# Bay Report



## captmikestarrett (Apr 28, 2004)

Ok, six of us go out to worry some convict bass. Capt Greg Buckner is piloting the Fin Finder with up to 16 light tackle rods out. Made my spider rigging look tame compared to this... Pretty cool if you ask me. 
First up is always the youngest and prettiest.. Amy fights it in.
Smile









Next up is Young Bob at 70 something years young.









Pax gets one.









Ya thats me 









Steve gets one..nice one









Amy again....Tell me you see the fish right?

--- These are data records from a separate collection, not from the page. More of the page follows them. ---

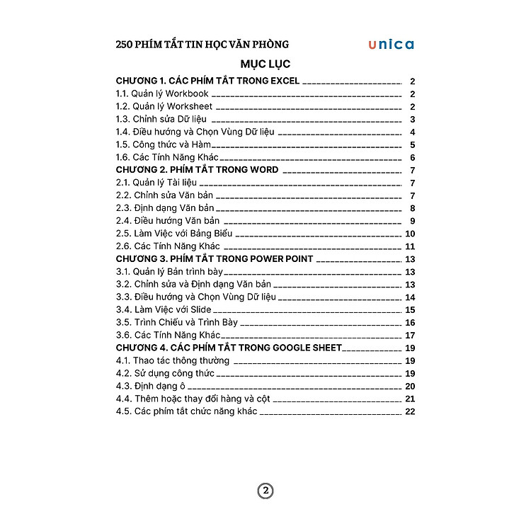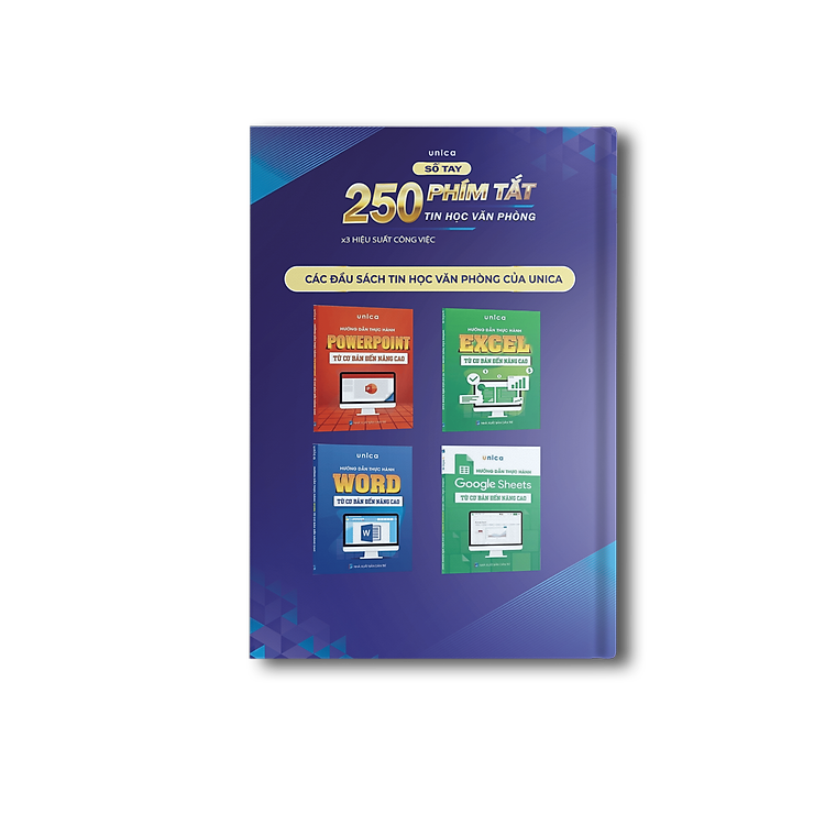 Sổ tay 250 Phím Tắt Tin Học Văn Phòng của Unica là một công cụ tuyệt vời cho những ai muốn nâng cao hiệu suất làm việc của mình. Với những phím tắt được biên soạn khoa học, sản phẩm này giúp người dùng tiết kiệm thời gian và tăng cường kỹ năng sử dụng các phần mềm văn phòng phổ biến như Excel, Word, PowerPoint và Google Sheets.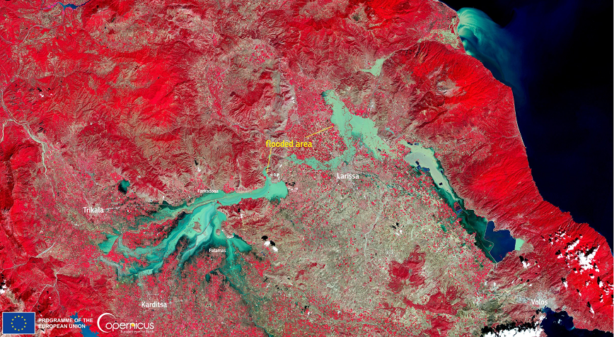 Στις 10 Σεπτεμβρίου, το Sentinel2 κατέγραψε αυτή την εικόνα από την περιοχή γύρω από τη Λάρισα, η οποία εξακολουθεί να πλήττεται σε μεγάλο βαθμό από τις πλημμύρες που προκλήθηκαν από την υπερχείλιση του ποταμού Πηνειού».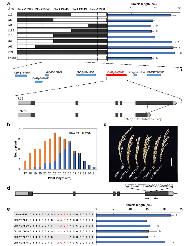 為了確定QTL簇的候選基因,進一步做了基因的精細定位。首先,關(guān)注的是chr9上的 qPL9簇,候選基因被定位在43kb的區(qū)間內(nèi),其中包含7個注釋基因,通過序列比對分析發(fā)現(xiàn)一個候選基因DEP1上的exon5中存在堿基序列的替換,即R99中637bp的片斷在SN265中被替換成12bp的序列;接著共分離分析發(fā)現(xiàn)SN265型的dep1具有明顯短于R99的穗長(圖5)。為了證明DEP1是qPL9的候選基因,利用 CRISPR/Cas9技術(shù)對Sasanishiki品種中的DEP1基因誘變,獲得五個突變體株系,其中四個突變體發(fā)生移碼突變,呈現(xiàn)短穗長,另外一個突變體產(chǎn)生兩個氨基酸的替換,其穗長與Sasanishiki無顯著性差異(圖5),暗示DEP1是qPL9簇中控制穗長的基因。

This time I get a lamprey as a bonus..









Fran hooks up ... nice fish too...









Daryl the camera is this way.. Dang









Greg and his mate where great and you should get on his booking now while there are still some openings. 
(301) 873-1327

Capt Mike


----------



## RuddeDogg (Mar 20, 2004)

Great job guys. Way to go.


----------



## SkunkApe (Dec 9, 2006)

WOW!! Banner day, nice work out there!!


----------



## crappietracker (Mar 31, 2006)

that's awesome! i can't wait till opening day. have a trip booked.


----------



## bbcroaker (Jan 6, 2005)

WTG Nice:fishing:
Yeah I did see the fish but then I'm an old croaker. 
Yeah Amy is a pretty one and knows how to catch fish and she's gona be good catch for a lucky guy


----------



## rattler (Jul 3, 2004)

looks like a great trip...good job...


----------